National Theatre New Stage
Kronvalda bulvāris 2
1h15min
in Lithuanian with Latvian translation
Ls 10; Ls 7 (with discount)

This performance is atypically austere for the Lithuanian star director Oskaras Koršunovas. He himself tells about the performance: "This is our first theatrical performance, in which we don’t concentrate on the result, but seek to test and discover ourselves, so that the actors not only create their characters, but also retain the reality and remain themselves. Gorky’s text becomes relevant only when the actor is able to grow his or her character in his or her soil, so to speak, basing it on his or her own experience. This is the highest aim of the laboratory. It is an intersection between the actor’s personality and the character he or she is creating, a stranger."

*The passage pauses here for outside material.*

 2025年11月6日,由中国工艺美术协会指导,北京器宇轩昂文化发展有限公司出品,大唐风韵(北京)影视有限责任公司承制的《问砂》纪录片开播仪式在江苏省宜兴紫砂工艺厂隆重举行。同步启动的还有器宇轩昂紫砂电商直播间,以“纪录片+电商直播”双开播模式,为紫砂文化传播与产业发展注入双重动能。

Here you will not find the overwhelming theatricality and playing with cultural symbols, so characteristic for Koršunovas' former work. In this performance "the fourth wall" is destroyed up to a level that the actor and the spectator become like real friends. For a spectator the presence in a view of an actor is so unavoidable that you feel sitting around the same table as actors do and asking the same questions - to yourself.

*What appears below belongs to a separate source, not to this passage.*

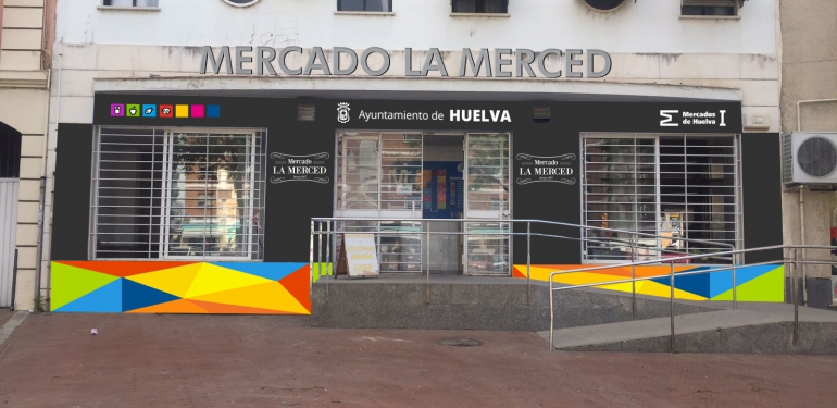 Partiendo de la tradición de un enclave que tiene su origen en 1957, el Ayuntamiento ha apostado por un diseño que, respetando la imagen y los colores corporativos de los mercados de Huelva, aporta una imagen actual y dinámica, donde lo principal es mostrar la calidad de los productos y el servicio de unas instalaciones destinadas a convertirse en espacio generador de empleo y riqueza. Desde la propia entrada del edificio, hasta su interior, se ha integrado en un proyecto muy visual, donde se alternan fotografías antiguas y en blanco y negro, con mensajes serigrafiados, mientras el color se utiliza para identificar las distintas temáticas y llamar la atención. Actualmente, se compagina la instalación de vinilos y material de decoración con labores de pintura, para sanear y reparar grietas e imperfecciones, ofreciendo un nuevo aspecto a los pasillos y las distintas estancias.

"The Lower Depths" (premiered on October 22, 2010) has been awarded as the Best Lithuanian Performance in 2010, and Darius Gumauskas performing Actor - as the Best Lithuanian Actor.

New Theatre Institute of Latvia have already presented in Riga "P.S. File OK" (Homo Novus 1997), "Shopping & Fucking" (Homo Novus 1999), "Fireface" (Homo Alibi 2000) and "Midsummer Night Dream" (2000) by Oskaras Koršunovas.